XXIII

About this time, Henry Harper became a member of a society which met once a week at Crosbie's in the Strand. This step was the outcome of a course of lectures he had attended at the London Ethical Institution, in Bloomsbury Square. They had been delivered by the very able Professor Wynne Davies, on that most fascinating of all subjects to the truly imaginative mind, the Idea of God.

During these lectures, and quite by chance, Henry Harper had made the acquaintance of a certain Arthur Reeves, a young journalist, who suggested that he should join the Social Debating Society, which met at Crosbie's every Tuesday. This he accordingly did; and being under no obligation to take an active part in the proceedings until he felt he could do so with reasonable credit, he was able to enjoy them thoroughly. Moreover, he was in full sympathy with these alert minds which for the most part were owned by young and struggling men.

Some of the discussions Henry Harper heard at Crosbie's made a deep impression upon him. All the members seemed to have a turn for speculative inquiry. The majority of those who took an active part in the debates spoke very well. Now and again, it is true, the pride of intellect raised its head. Some of its members were young enough to know everything, but there was also a leaven of older minds which saw life more steadily, and in as rounded a shape as it is possible for the eye of man to perceive it.

There was one man in particular who attracted Henry Harper. His name was James Thorneycroft, and he was in his way a rare bird, a bank manager with a strong ethical and sociological bias. He was one of the graybeards of the society, a man of sixty, who had the worn look of one who had been fighting devils, more or less unsuccessfully, all his life. For Henry Harper there was fascination and inspiration in James Thorneycroft. His was a mind capable of delving deep into spiritual experience, and of rendering it in terms which all could understand.

At the third meeting which Henry Harper attended at Crosbie's, his friend and introducer, Arthur Reeves, under the spell cast by the brilliant Professor Wynne Davies, ventured to combat a certain skepticism in regard to the scope and function of the Deity, which some of the advanced members had put into words at the previous meeting.

The performance of Arthur Reeves was crude and rather unphilosophical, and yet it was stimulating enough to bring James Thorneycroft on to his legs.

"My own view about God is this," he began in that curiously unpremeditated and abrupt way which made an effect of absolute sincerity. "There is a form of inherited belief that will overthrow the most fearless and independent mind if it ventures to disregard it.
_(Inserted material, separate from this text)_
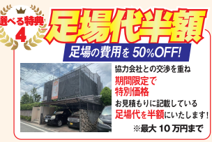 お見積りに記載している足場代を半額にてご提供いたします❕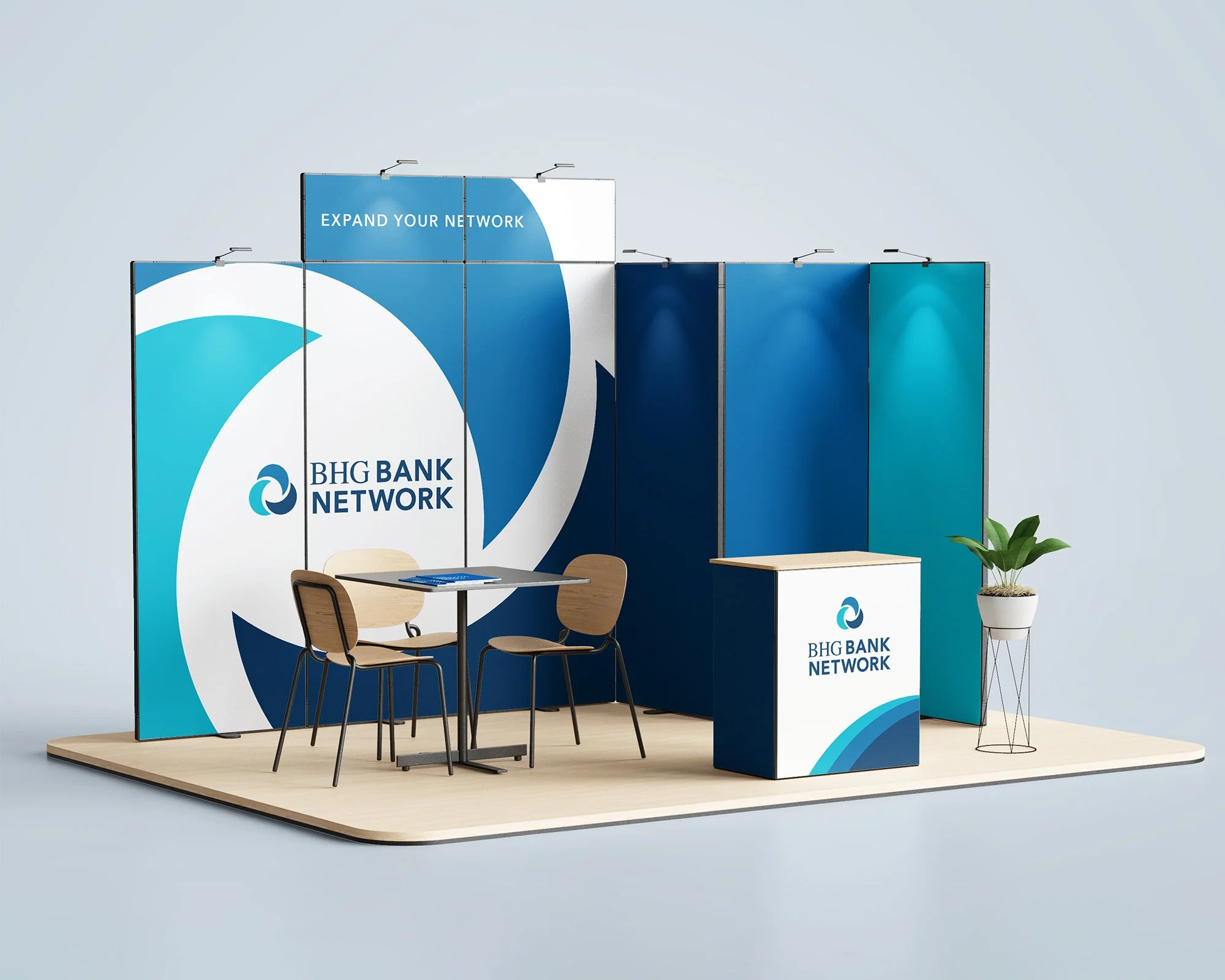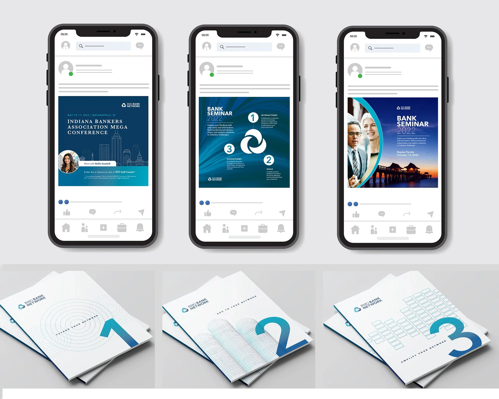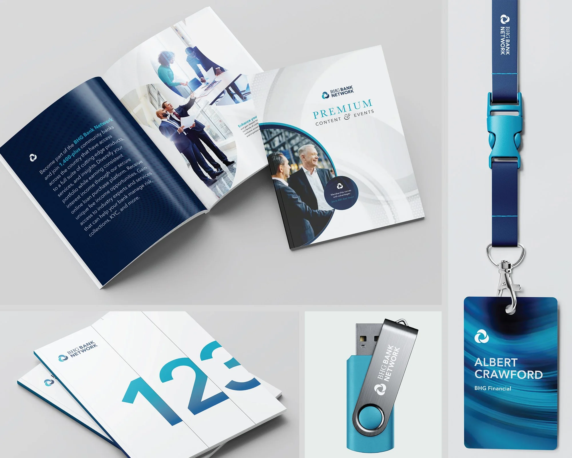 The BHG Bank Network provides an exclusive array of financial programs tailored for its esteemed members. These programs are showcased at quarterly bank seminars, offering invaluable insights and opportunities. I had the pleasure of creating a diverse range of branding materials for these prestigious events, including apparel, swag, event posters, collateral, and even Cinema 4D booth layouts. Below, you'll find examples of my work that helped enhance the visibility and impact of these seminars.

I suppose most men who think at all are up against this particular problem some time in their lives. But it all comes back to this: it is absolutely impossible for any man to banish the idea of God and continue as a reasoning entity. Of the First Cause we know nothing, of the Ultimate Issue we know even less, but my own faith is that as long as the idea of God persists, Man himself will not perish. I know there are many who will say that science is against me. They will say that there is nothing inherent in the mere idea of God which will or can prevent an earthquake banishing all forms of organic life from this planet in sixty seconds. Well, it is my faith that if that came to pass Man would still persist in some other form. Science would at once rejoin that he would cease to be Man, but to my own psychic experience that is not at all a clear proposition. Science is based upon reason which states as an absolute fact that two and two make four. The idea of God is based upon the fact that two and two plus One make five, and all the science and all the clear and exact thinking in the world can't alter it. Man is only a reasoning animal up to a point. He has only to keep exclusively to reason to bring about his own defeat. Every thinking mind, I assume, must oscillate at some period of its development between Reason on the one hand (two and two make four) and Experience (two and two make five) on the other. Well, if it won't bore you" ... "Go on, go on!" cried the meeting, not out of politeness merely, since all felt the fascination of the unconventional and childlike personality of James Thorneycroft.... "I will give you in as few words as I can the experience that happened to me nearly thirty years ago, which laid at rest all doubts I might ever have had on this point.

"At that time I was a clerk in a bank at Blackhampton. Employed at the bank was a young porter." ...

For a reason he could never explain, a strange thrill suddenly ran through Henry Harper.